Są ludzie którzy nigdy w życiu nie mieli Biblii w ręku i postępują bardziej szlachetnie niż ci którzy ją codziennie studiują - potrafią odróżnić dobro od zła.
"Wraz ze wzrostem różnorodności amerykańskiego społeczeństwa, niebezpieczeństwo podziałów jest wyższe niż kiedykolwiek. A nie jesteśmy już chrześcijańskim narodem, przynajmniej nie tylko. Jesteśmy też narodem żydowskim, islamskim, buddyjskim, hinduistycznym i narodem niewierzących. I nawet, gdybyśmy byli tylko chrześcijanami i wykluczyli wszystkich innowierców ze społeczeństwa, to czyjego chrześcijaństwa uczylibyśmy w szkołach? Jamesa Dobsona czy Ala Sharptona? Które fragmenty Biblii kształtowałyby naszą politykę? Księga Kapłańska, która pochwala niewolnictwo i uważa jedzenie skorupiaków za nieczyste? Czy może Księga Powtórzonego Prawa, która nakazuje ukamienować wątpiące dziecko? A może Kazanie na Górze, fragment tak radykalny, że chyba nawet nasz Departament Obrony nie przetrwałby jego stosowania. Więc zanim damy się porwać, poczytajmy Biblię. Wiara nie czyta Biblii… Co prowadzi mnie do następnej kwestii. Demokracja wymaga, by ludzie religijni budowali postulaty w oparciu o wartości uniwersalne, a nie konkretnej religii. Mam na myśli to, że ich propozycje powinny być przedmiotem dyskusji i walki na argumenty. Mogę być niechętny aborcji z powodów religijnych. Ale jeśli chce jej zakazać, nie mogę odwoływać się wyłącznie do nauk Kościoła. Muszę wykazać, że narusza ona wartości ludzi o różnych poglądach, w tym niewierzących. Może to być trudne dla wierzących w nieomylność Biblii w tym dla wielu ewangelików, jednak w pluralistycznym społeczeństwie nie mamy wyboru. Polityka zależy od umiejętności działania na wspólnym polu. Wymaga kompromisu, szukania tego, co możliwe. Oczywiście, w pewnym stopniu religia nie pozwala na kompromis. Jest sztuką niemożliwego.

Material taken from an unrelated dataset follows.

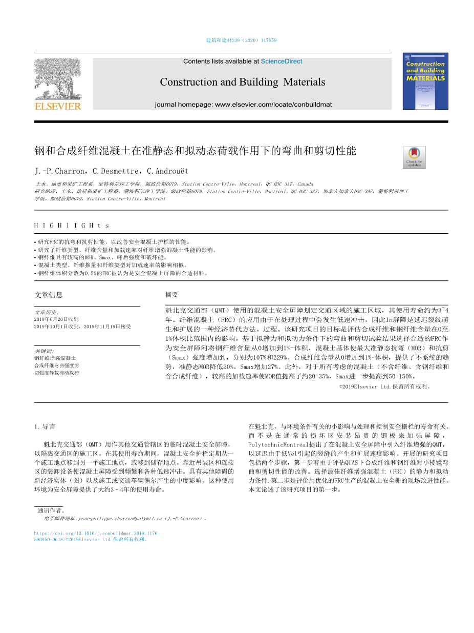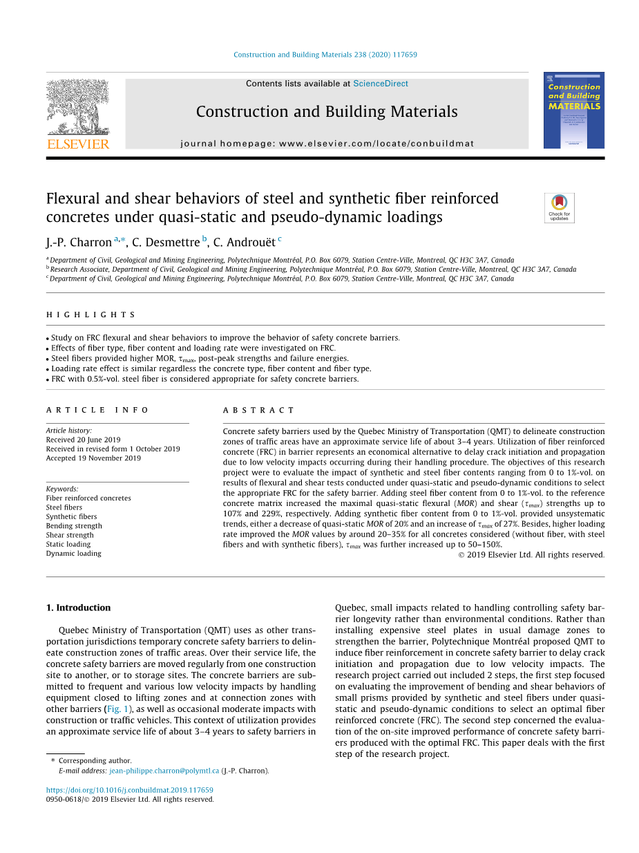 钢和合成纤维混凝土在准静态和拟动态荷载作用下的弯曲和剪切性能外文翻译资料

Jeśli Bóg nakazuje, to spodziewa się wykonywania nakazów, niezależnie od konsekwencji. Opieranie życia na takich fundamentach może być szlachetne, jednak w polityce byłoby to niebezpieczne. Pozwólcie, że zobrazuję. Wszyscy znamy historię Abrahama i Izaaka. Abraham miał ofiarować Bogu swego jedynego syna. Zabiera go na szczyt góry i związuje. Ostrzy nóż, gotowy do wykonania Bożego rozkazu. Wiemy, jak to się skończyło.
Bóg zsyła anioła, żeby powstrzymał Abrahama. Abraham zdał test lojalności. Jednak z pewnością każdy z nas wychodząc z kościoła i widząc Abrahama z nożem w ręku, bez wahania zadzwoniłby na policję i oczekiwał, że państwo pozbawi Abrahama praw rodzicielskich. Zrobilibyśmy to, bo nie słyszymy tego, co słyszy Abraham. I nie widzimy tego, co on. Jakkolwiek prawdziwe jest jego widzenie. Dlatego powinniśmy działać stosownie do rzeczy, które wszyscy widzimy – wspólnych praw i zdrowego rozsądku”.
Barack Obama.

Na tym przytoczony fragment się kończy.